Input data =>
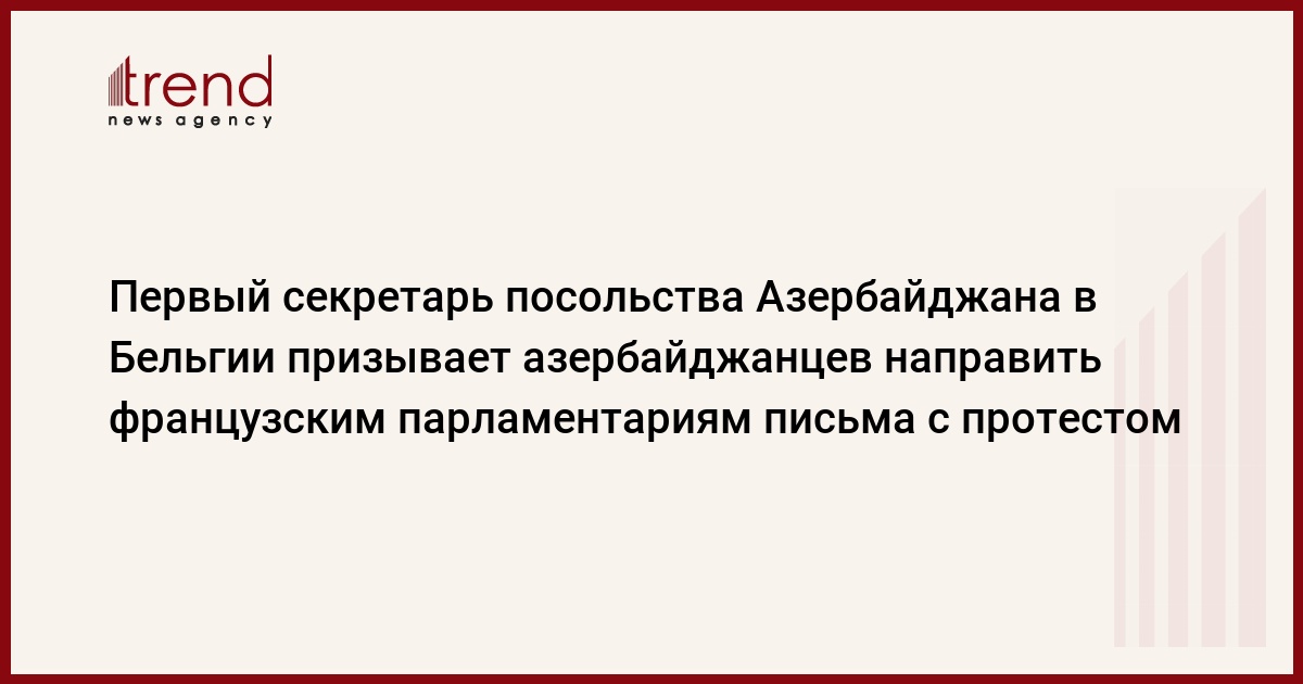 Первый секретарь посольства Азербайджана в Бельгии, почетный президент Координационного совета азербайджанских организаций Бенилюкс Фуад Гумбатов готовит обращение в парламент Франции. Об этом Trend сообщили в Координационном совете азербайджанских организаций Бенилюкс.
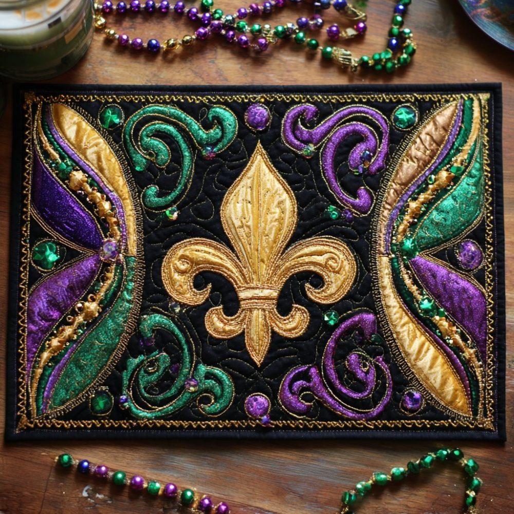 Make every meal a celebration with the Royal Carnival quilted placemat, featuring a bold festival-inspired print and vibrant colors. Durable cotton construction and dense quilting resist daily wear while protecting tabletops from heat and spills. Great for festive gatherings, parties, or any time you want a lively table setting. Reversible and machine washable for easy styling and maintenance. Approx. 13″ x 19″ (33 x 48 cm).
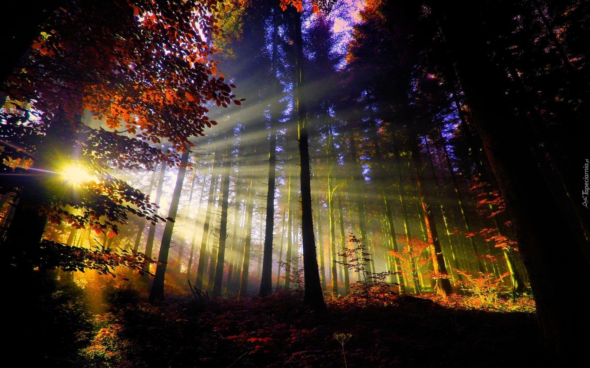 Edytor tapety: Las, Promienie, Słońca
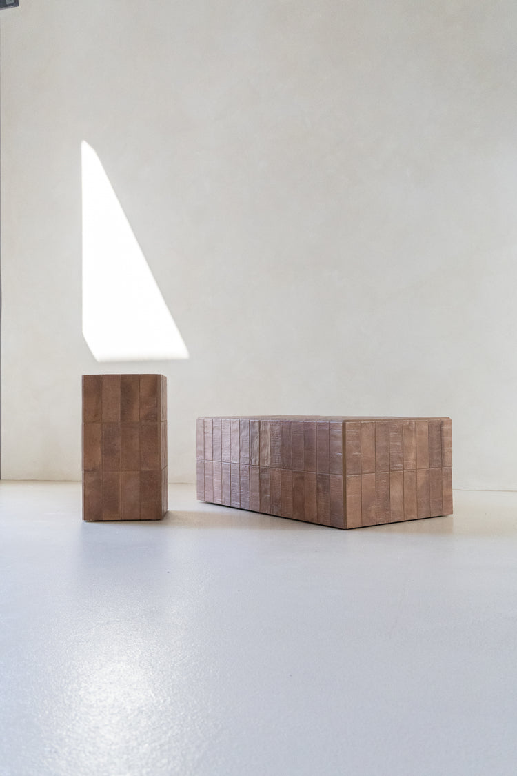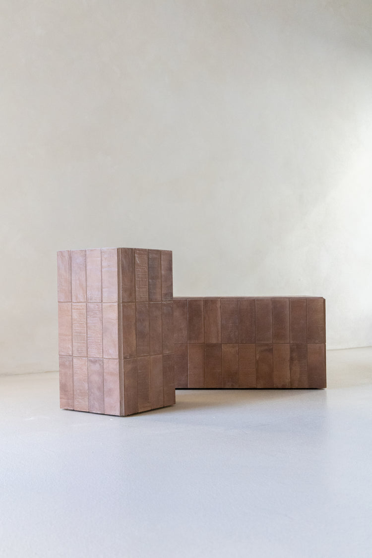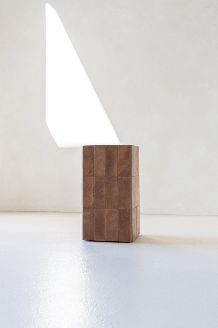 Handcrafted from carefully selected tiles with a smooth Cerano rendered top, this plinth effortlessly blends form and function. Available in a burnt sienna tile finish - it adds a unique touch to any space. Perfect as a side table or a bold standalone statement piece.
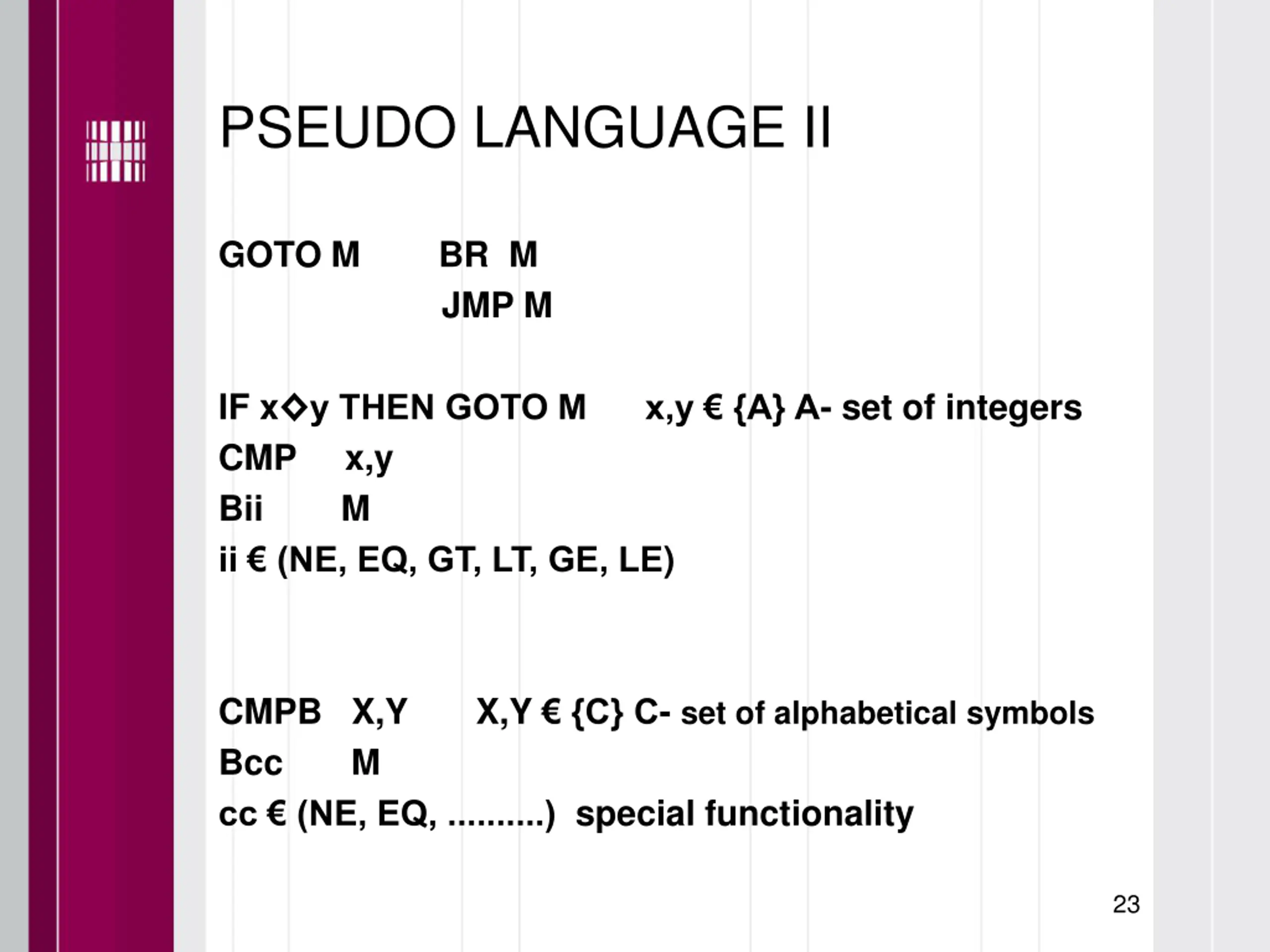 PSEUDO LANGUAGE II GOTO M BR M JMP M IF x y THEN GOTO M x,y {A} A- set of integers CMP x,y Bii M ii (NE, EQ, GT, LT, GE, LE) CMPB X,Y X,Y {C} C- set of alphabetical symbols Bcc M cc (NE, EQ, ..........) special functionality 23
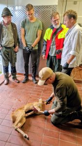 Teilnehmer des handwerklich anspruchsvollen Lehrgangs waren zehn passionierte Jäger des Kreisjagdverbandes Lindau e.V. (Herbert Bohle, Oliver Eschbaumer, Martin Fritsche, Martin Gomm, Karl Hehle, Christoph Kling, Siegfried Kistler, Martin Schuleit, Jonathan Stahl und Florian Ulich) sowie vier Mitwirkende (Jürgen Hägele, Stefan Schönberger, Stefan Hägele und Rudolf Fritze). Unter der fachkundigen Anleitung der erfahrenen Experten Jürgen Hägele und Stefan Schönberger wurden zwei Rehe schonend aus der Decke geschlagen und bis zur küchenfertigen Zerwirkung präzise zerlegt.
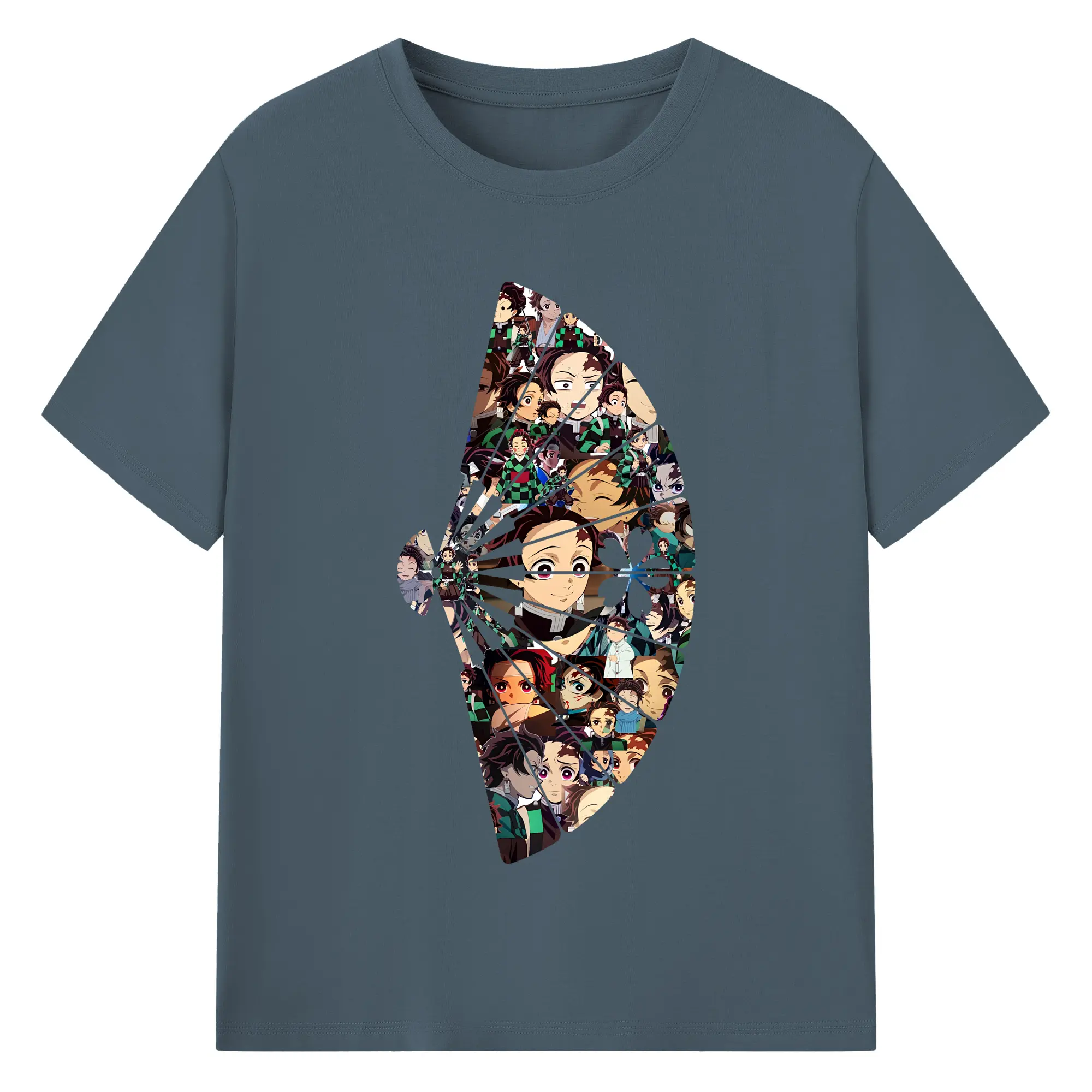 鬼滅の刃 グッズ,竈門 炭治郎 - 綿100% 半袖Tシャツ ・ バックプリント ・ 快適 通気性 ・ 日常使い 散歩 スポーツ用

Try it =>
Retype the records verbatim, but not their images.

Answer section =>
 Первый секретарь посольства Азербайджана в Бельгии, почетный президент Координационного совета азербайджанских организаций Бенилюкс Фуад Гумбатов готовит обращение в парламент Франции. Об этом Trend сообщили в Координационном совете азербайджанских организаций Бенилюкс.
 Make every meal a celebration with the Royal Carnival quilted placemat, featuring a bold festival-inspired print and vibrant colors. Durable cotton construction and dense quilting resist daily wear while protecting tabletops from heat and spills. Great for festive gatherings, parties, or any time you want a lively table setting. Reversible and machine washable for easy styling and maintenance. Approx. 13″ x 19″ (33 x 48 cm).
 Edytor tapety: Las, Promienie, Słońca
 Handcrafted from carefully selected tiles with a smooth Cerano rendered top, this plinth effortlessly blends form and function. Available in a burnt sienna tile finish - it adds a unique touch to any space. Perfect as a side table or a bold standalone statement piece.
 PSEUDO LANGUAGE II GOTO M BR M JMP M IF x y THEN GOTO M x,y {A} A- set of integers CMP x,y Bii M ii (NE, EQ, GT, LT, GE, LE) CMPB X,Y X,Y {C} C- set of alphabetical symbols Bcc M cc (NE, EQ, ..........) special functionality 23
 Teilnehmer des handwerklich anspruchsvollen Lehrgangs waren zehn passionierte Jäger des Kreisjagdverbandes Lindau e.V. (Herbert Bohle, Oliver Eschbaumer, Martin Fritsche, Martin Gomm, Karl Hehle, Christoph Kling, Siegfried Kistler, Martin Schuleit, Jonathan Stahl und Florian Ulich) sowie vier Mitwirkende (Jürgen Hägele, Stefan Schönberger, Stefan Hägele und Rudolf Fritze). Unter der fachkundigen Anleitung der erfahrenen Experten Jürgen Hägele und Stefan Schönberger wurden zwei Rehe schonend aus der Decke geschlagen und bis zur küchenfertigen Zerwirkung präzise zerlegt.
 鬼滅の刃 グッズ,竈門 炭治郎 - 綿100% 半袖Tシャツ ・ バックプリント ・ 快適 通気性 ・ 日常使い 散歩 スポーツ用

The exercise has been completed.